◆ **Task prompt**
Exact copy, no pictures: repeat the data that follows.

◆ **Supplied data**
- - - -

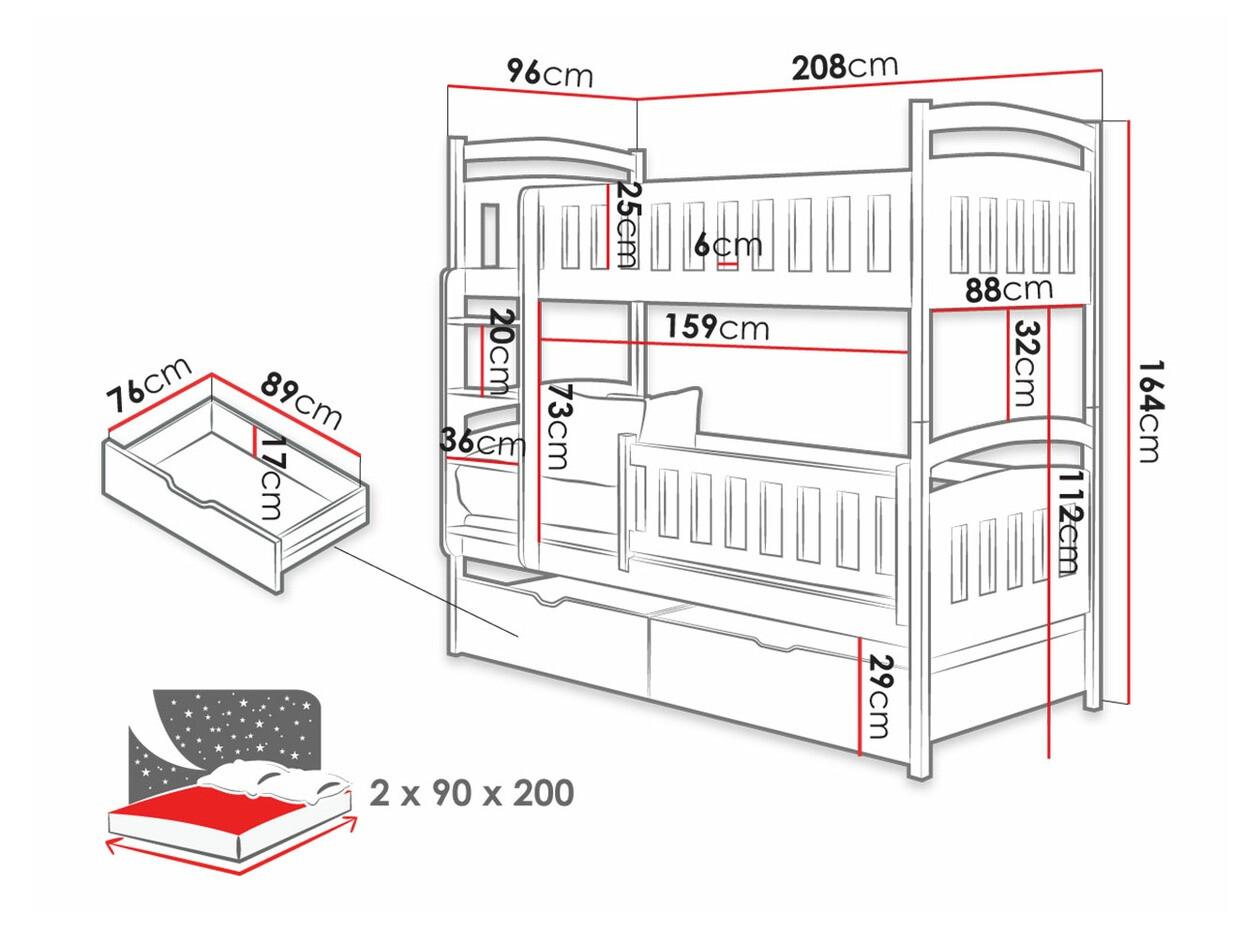 - 90 x 200 cm
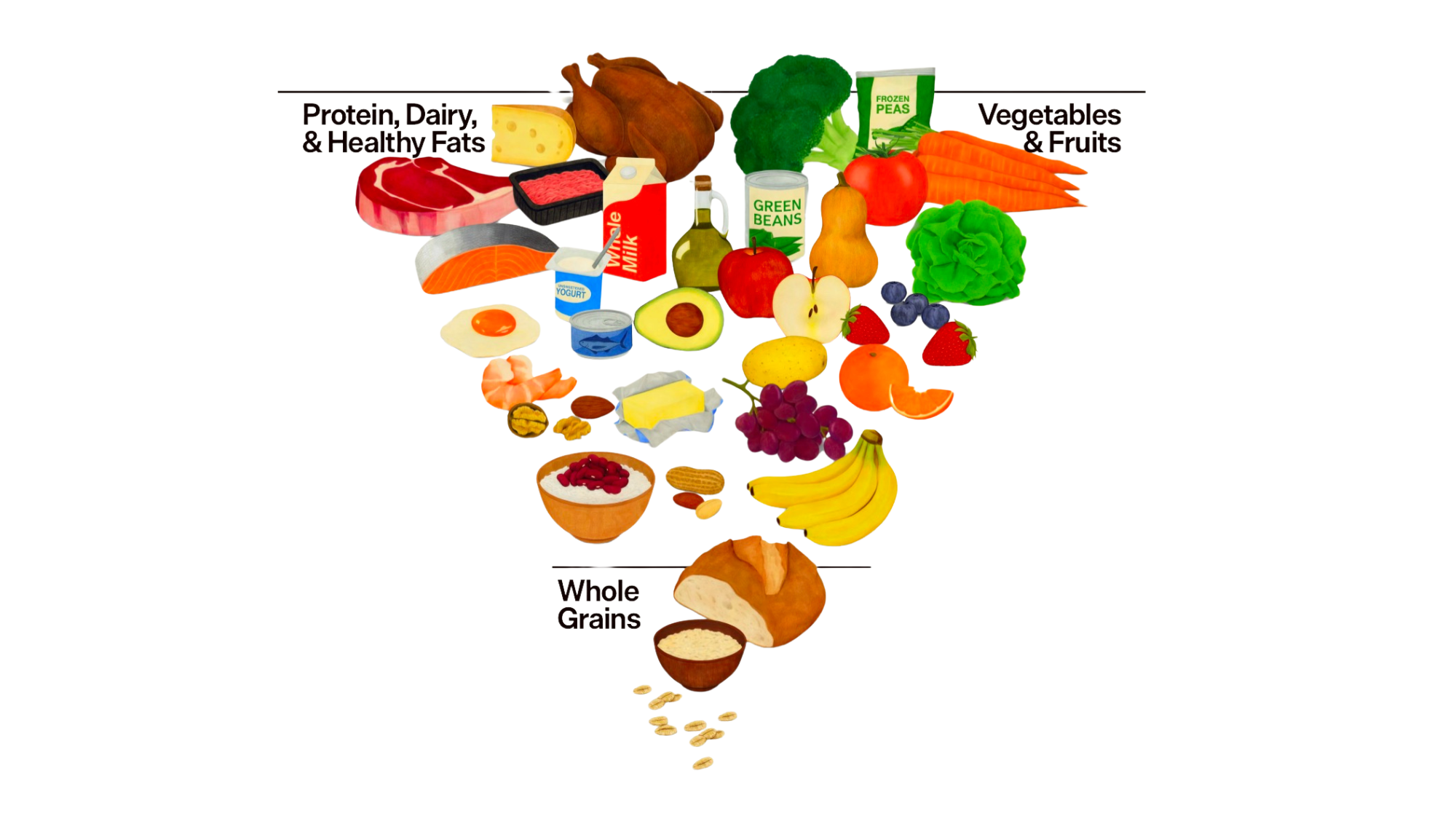 Esta gráfica promueve el consumo de proteína animal y lácteos enteros en cada comida, presentándolo como una forma de “terminar la guerra contra la proteína”. Ese mensaje no está respaldado por décadas de evidencia científica en nutrición.
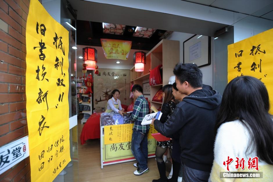 11月10日,“双十一”网购节将至,长沙一实体店铺在店外挂出了“抵制双十一,旧书换新衣”等标语,吸引了众多市民前来用旧书换购新衣。该店店长介绍,希望通过此活动在“双十一”期间,呼吁消费者理性消费,回归传统。 杨华峰 摄
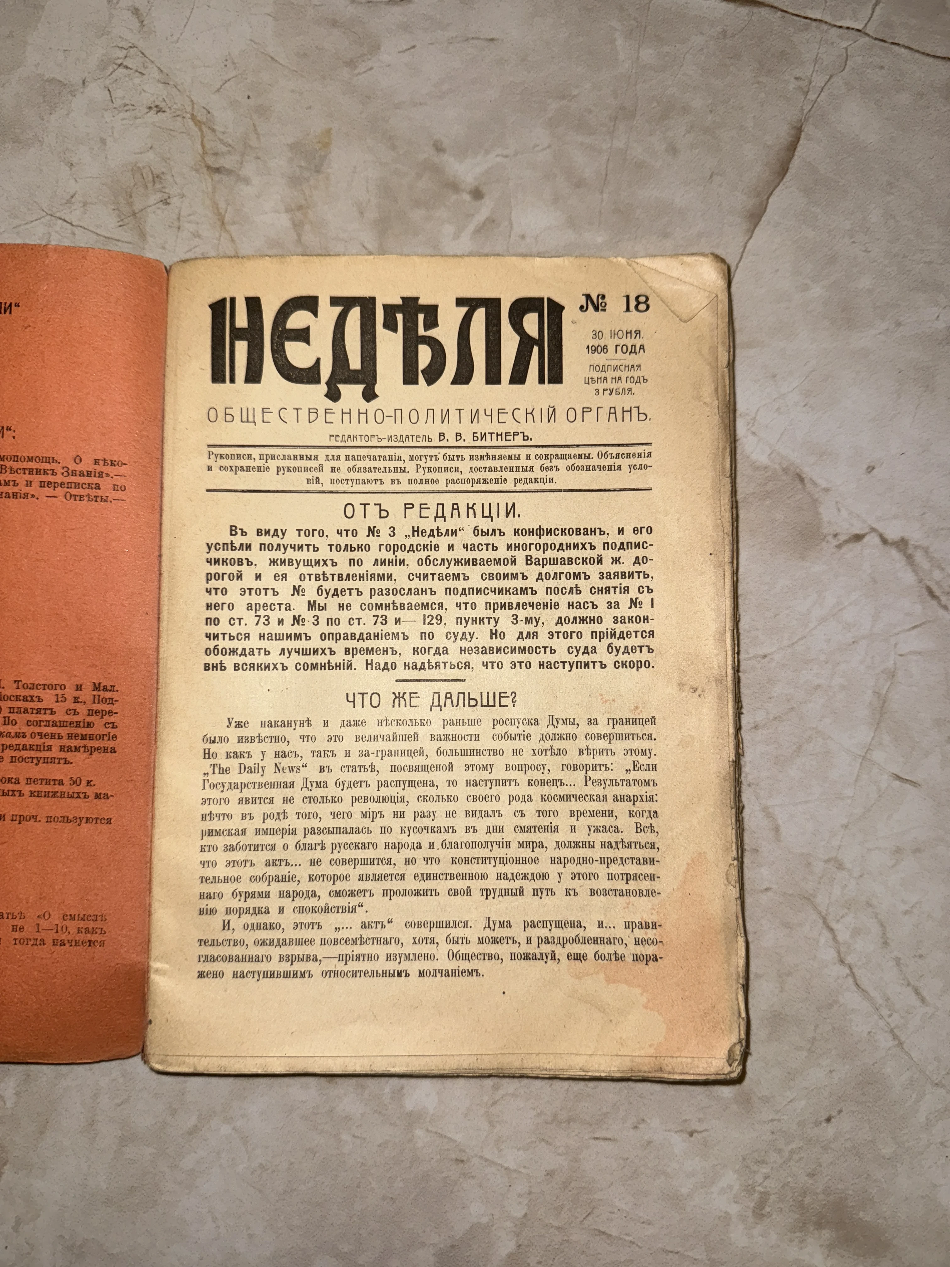 Подлинный артефакт эпохи Первой русской революции — общественно-политическое издание под редакцией В. В. Битнера. Текст на пожелтевших страницах повествует о драматичных событиях того времени, включая роспуск Государственной Думы и цензурные ограничения. Прекрасно сохранившаяся дореволюционная орфография и типографика делают этот экземпляр ценным историческим источником.

- - - -

◆ **Your response**
 - 90 x 200 cm
 Esta gráfica promueve el consumo de proteína animal y lácteos enteros en cada comida, presentándolo como una forma de “terminar la guerra contra la proteína”. Ese mensaje no está respaldado por décadas de evidencia científica en nutrición.
 11月10日,“双十一”网购节将至,长沙一实体店铺在店外挂出了“抵制双十一,旧书换新衣”等标语,吸引了众多市民前来用旧书换购新衣。该店店长介绍,希望通过此活动在“双十一”期间,呼吁消费者理性消费,回归传统。 杨华峰 摄
 Подлинный артефакт эпохи Первой русской революции — общественно-политическое издание под редакцией В. В. Битнера. Текст на пожелтевших страницах повествует о драматичных событиях того времени, включая роспуск Государственной Думы и цензурные ограничения. Прекрасно сохранившаяся дореволюционная орфография и типографика делают этот экземпляр ценным историческим источником.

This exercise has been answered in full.